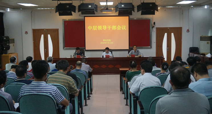 本网讯 7月13日,校党委书记曾桓松主持召开本学期最后一次中层干部会议,围绕2016年学校的重点工作作总结和谋划。校领导和飞、叶峥嵘、黄劲松、周苏平、王忠、林俊睦,全体中层领导干部出席会议。
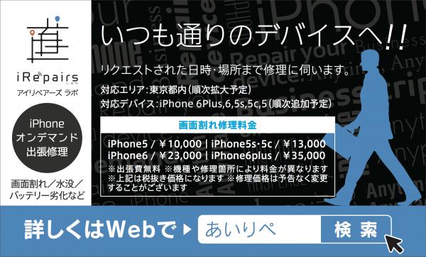 Life Support Lab株式会社(本社:東京都千代田区、代表取締役:河合晴輝)は、iPhoneのオンデマンド出張修理サービス「iRepairs Lab(アイリペアーズ ラボ)」(以下、「あいりぺ」という)の独自マッチングシステムを、2015年6月29日にリリースしたことをお知らせいたします。
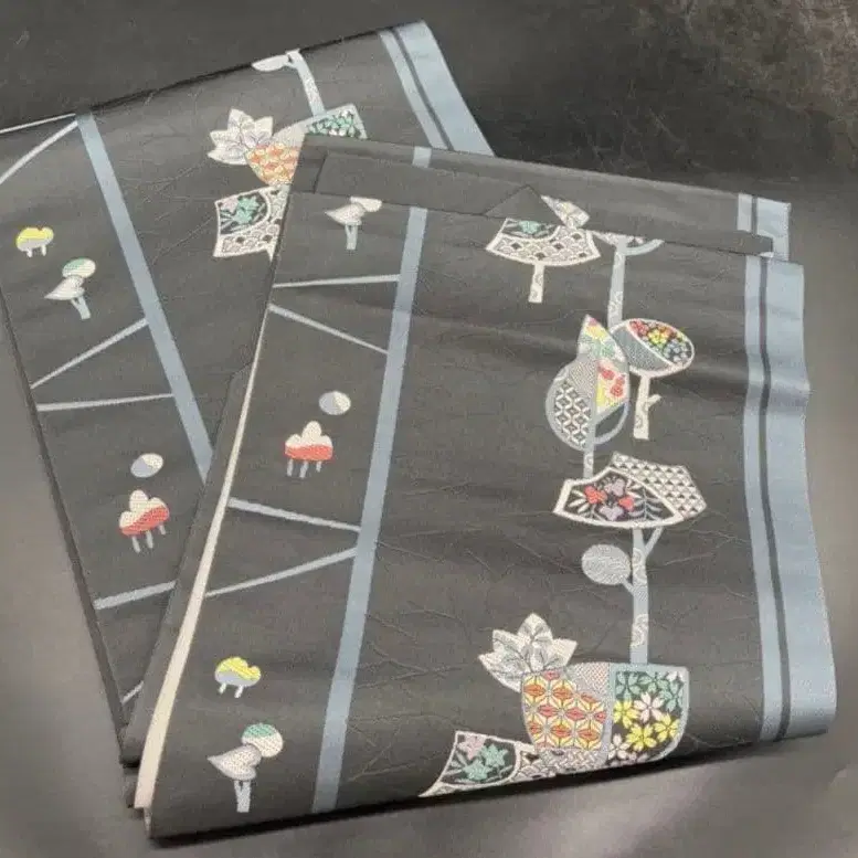 고급 순수 실크 샤레 오비 나고야 오비 앤티크 블랙 계열
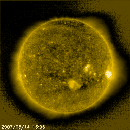 2007/ 8/15 10:35 更新 太陽風は低速で、磁気圏は穏やかです。 担当 篠原 昨日は記事の更新ができず、申し訳ありませんでした。 1日飛んでしまいましたが、その間、太陽風は穏やかでした。 速度は更に下がって、340km/秒の低速風になっています。 磁場強度は、4nTと穏やかなままです。 ただし、最新のACEのデータ(図の右側)を見ると、 太陽風の密度が、数個/cm^3から、20個/cm^3へと増加しています。 磁場強度もややざわついていて、5〜7nTくらいにやや強まっています。 次の高速風の始まりと関係しているのかもしれません。 27日周期の図を見ると、単純に前周期の繰り返しだとすると、 高速風の始まりはもう1日遅く、明日、16日となりそうです。 一方、7月19日のセクターのグラフを見ると、 今日くらいにセクター境界がやって来そうです。 太陽風の乱れは、そちらと関係した変化なのかもしれません。 太陽風の27日の周期性は、1日程度前後することはよくあります。 高速風の始まりなのか、そうではないのか、 もうしばらくACEの変化に注目して下さい。 昨日から今日にかけて、磁気圏の活動はとても穏やかでした。 シベリアの磁場データには変化が全く見られず、 AE指数も変化なく、静穏でした。 太陽風の様子が変化しつつありますが、 今後、本格的に磁場強度が強まる様になると、オーロラ活動も活発になるでしょう。 前周期でも、高速風の立ち上がりで、1日半程度ですが、 ある程度活発なオーロラ活動が発生しました。 放射線帯の高エネルギー電子は、やや高めの状態を保っています。 こちらは、今後の太陽風の乱れで、一旦大きく減少するでしょう。 太陽のフレア活動は、とても穏やかです。 968黒点群がある様ですが、掲載の写真では微かに点がひとつ見える程度です。 昨日より、カムチャッカに来ています。 こちらは気温が15度程度で、かなり涼しい、 というよりちょっと寒いです(避暑には北上し過ぎです)。 滞在期間中(22日まで)は、更新時刻が不定期になりますので、ご了承ください。 SOHO衛星のEIT284カメラの映像 (c) SOHO (ESA & NASA)

## Your instructions
Lines from the start of the listing above through the line holding "고급 순수 실크 샤레 오비 나고야 오비 앤티크 블랙 계열" are to be duplicated exactly, and nothing more; leave out the pictures.

## Worked solution
 本网讯 7月13日,校党委书记曾桓松主持召开本学期最后一次中层干部会议,围绕2016年学校的重点工作作总结和谋划。校领导和飞、叶峥嵘、黄劲松、周苏平、王忠、林俊睦,全体中层领导干部出席会议。
 Life Support Lab株式会社(本社:東京都千代田区、代表取締役:河合晴輝)は、iPhoneのオンデマンド出張修理サービス「iRepairs Lab(アイリペアーズ ラボ)」(以下、「あいりぺ」という)の独自マッチングシステムを、2015年6月29日にリリースしたことをお知らせいたします。
 고급 순수 실크 샤레 오비 나고야 오비 앤티크 블랙 계열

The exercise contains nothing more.